§ Exercise input
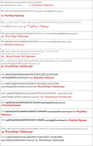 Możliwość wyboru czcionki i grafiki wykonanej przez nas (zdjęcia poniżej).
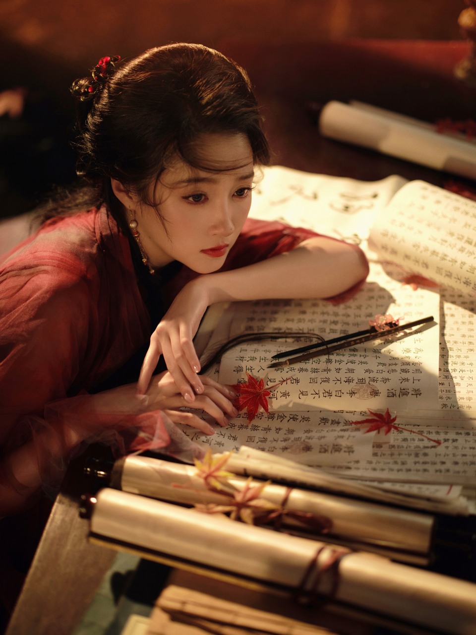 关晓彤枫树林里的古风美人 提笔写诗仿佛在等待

==

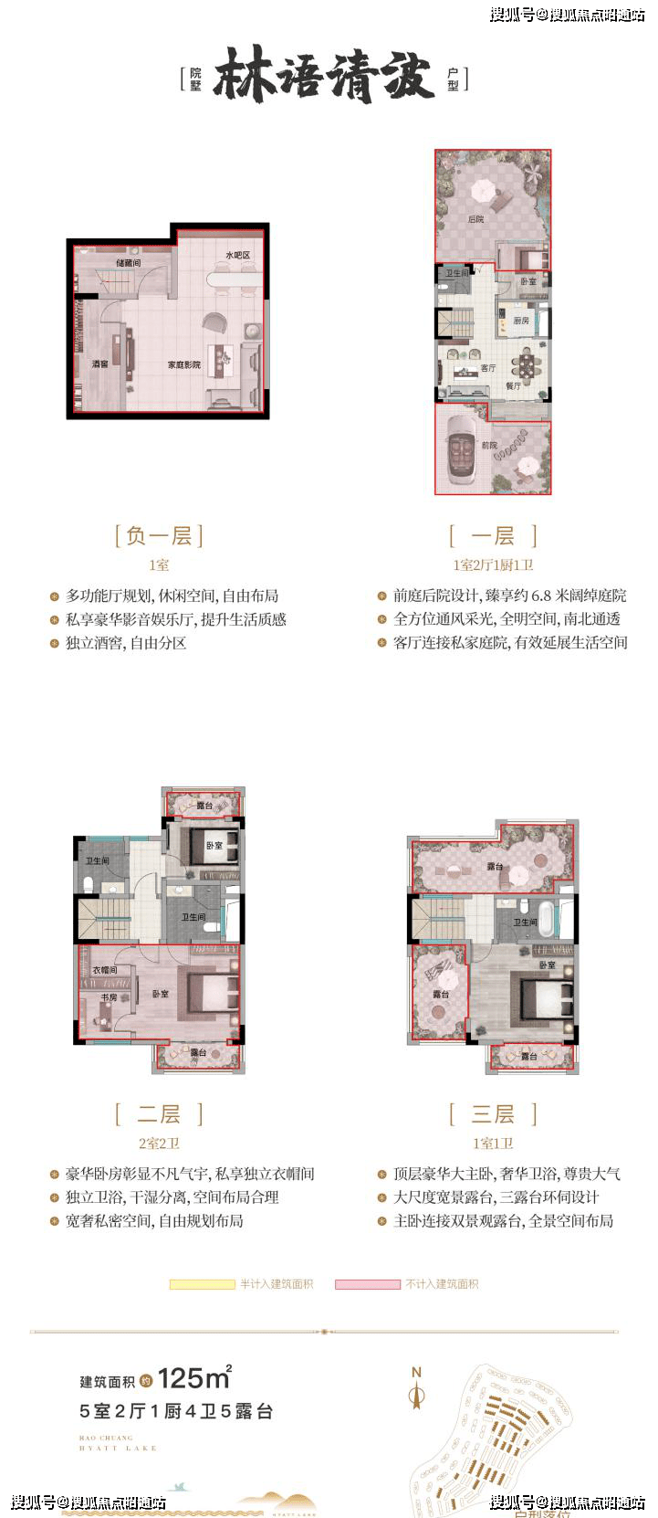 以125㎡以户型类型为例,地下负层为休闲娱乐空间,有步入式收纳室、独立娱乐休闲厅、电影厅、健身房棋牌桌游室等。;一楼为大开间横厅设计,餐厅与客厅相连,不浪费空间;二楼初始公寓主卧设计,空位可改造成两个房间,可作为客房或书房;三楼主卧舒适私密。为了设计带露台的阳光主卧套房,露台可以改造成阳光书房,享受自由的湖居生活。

--

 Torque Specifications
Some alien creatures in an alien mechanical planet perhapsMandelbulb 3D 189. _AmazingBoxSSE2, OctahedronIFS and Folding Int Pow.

§ Instructions to follow
Please copy, exactly as written, every line in the listing above from the line with "Torque Specifications" up to and including the line with "Some alien creatures".

§ Response to the task
 Torque Specifications
Some alien creatures in an alien mechanical planet perhapsMandelbulb 3D 189. _AmazingBoxSSE2, OctahedronIFS and Folding Int Pow.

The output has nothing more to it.